L’Orchidée, Danse et Musique Vivantes - Quelques textes
L’Orchidée, Danse et Musique Vivantes - Quelques textes
1 janvier 2013
« Terra poetica » Note d'intention projet 2013
L'Orchidée, Danse et Musique Vivantes
“Danses pour ceux qui sont là...”
Projet 2013
Présentation
«Terra poetica
Dans l’horizon de la terre telle qu’aujourd’hui dévastée...
- une itinérance poétique en quête d’images et d’énoncés offrant motifs
pour le déploiement d’une danse...»
L’édition récente en français de «Les limites à la croissance (dans un monde fini) - le rapport Meadows, 30 ans après» (2004 pour l’édition anglaise, 2012 pour la version française), ou la lecture de l’excellent livre de Jared Diamond : Effondrement (titre anglais: «Collapse: how sociéties chose to fail or succeed» -2005), ou cet article du Monde du 8 juin 2012 titré: «La biosphère mondiale à la veille d’une crise «irréversible»», tous ces écrits indiquent sans ambigüité que l’horizon qui est le nôtre aujourd’hui est celui d’une terre en train d’être partiellement dévastée.

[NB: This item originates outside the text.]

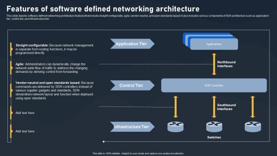 This slide depicts software-defined networking architecture features that include straight configurable, agile, vendor-neutral, and open standards-based. It also includes various components of SDN architecture such as application tier, control tier and infrastructure tier.Presenting this PowerPoint presentation, titled Features Of Software Defined Networking Architecture SDN Building Blocks Demonstration Pdf, with topics curated by our researchers after extensive research. This editable presentation is available for immediate download and provides attractive features when used. Download now and captivate your audience. Presenting this Features Of Software Defined Networking Architecture SDN Building Blocks Demonstration Pdf. Our researchers have carefully researched and created these slides with all aspects taken into consideration. This is a completely customizable Features Of Software Defined Networking Architecture SDN Building Blocks Demonstration Pdf that is available for immediate downloading. Download now and make an impact on your audience. Highlight the attractive features available with our PPTs. This slide depicts software defined networking architecture features that include straight configurable, agile, vendor neutral, and open standards based. It also includes various components of SDN architecture such as application tier, control tier and infrastructure tier.

Ainsi, Jared Diamond, biologiste et géographe écrit: «Les processus par lesquels les sociétés anciennes ont causé leur propre perte en endommageant leur environnement sont au nombre de huit, dont l’importance relative varie selon les cas: la déforestation et la restructuration de l’habitat, les problèmes liés au sol (érosion, salinisation, perte de fertilité); la gestion de l’eau; la chasse excessive; la conséquence de l’introduction d’espèces allogènes parmi les espèces autochtones; la croissance démographique et l’augmentation de l’impact humain par habitant.» puis: «Les problèmes environnementaux que nous devons affronter aujourd’hui sont identiques aux huit problèmes qui ont causé la perte des sociétés anciennes, mais quatre nouveaux s’y ajoutent: «Les changements climatiques causés par l’homme; l’utilisation de produits chimiques toxiques dans l’environnement; les pénuries d’énergie; l’utilisation humaine maximale de la capacité photosynthétique de la terre.» (Effondrement p18-20)

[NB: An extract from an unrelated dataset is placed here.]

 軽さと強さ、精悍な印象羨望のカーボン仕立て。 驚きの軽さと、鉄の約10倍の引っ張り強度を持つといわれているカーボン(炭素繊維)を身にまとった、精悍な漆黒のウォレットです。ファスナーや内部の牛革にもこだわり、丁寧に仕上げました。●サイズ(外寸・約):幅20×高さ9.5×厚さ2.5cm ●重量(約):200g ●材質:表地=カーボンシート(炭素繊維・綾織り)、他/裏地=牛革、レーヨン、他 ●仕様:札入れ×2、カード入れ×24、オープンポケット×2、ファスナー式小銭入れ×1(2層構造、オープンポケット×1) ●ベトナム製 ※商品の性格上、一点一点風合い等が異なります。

Les auteurs du rapport Meadows et de son actualisation 30 ans après, écrivant, pour leur part: «L’économie humaine utilise aujourd’hui tant de ressources capitales et produit tant de déchets qu’elle n’est pas soutenable. Les sources se tarissent, les exutoires se remplissent et, pour certains, débordent. La plupart des flux ne peuvent être maintenus sur le long terme, même à leur débit actuel, à fortiori s’ils s’intensifient. Nous estimons que beaucoup vont atteindre un pic puis décliner au cours de ce siècle.
Ces flux élevés ne sont pas nécessaires. Des changements au niveau de la technique, des modes de répartition et des institutions pourraient les réduire fortement tout en maintenant et même en améliorant la qualité de vie moyenne des habitants de la planète.
Le fardeau que les hommes font peser sur l’environnement dépasse d’ores et déjà les limites soutenables et ne pourra durer plus d’une génération ou deux. Conséquence: on constate déjà de nombreux impacts négatifs sur la santé et sur l’économie.» (p101-102)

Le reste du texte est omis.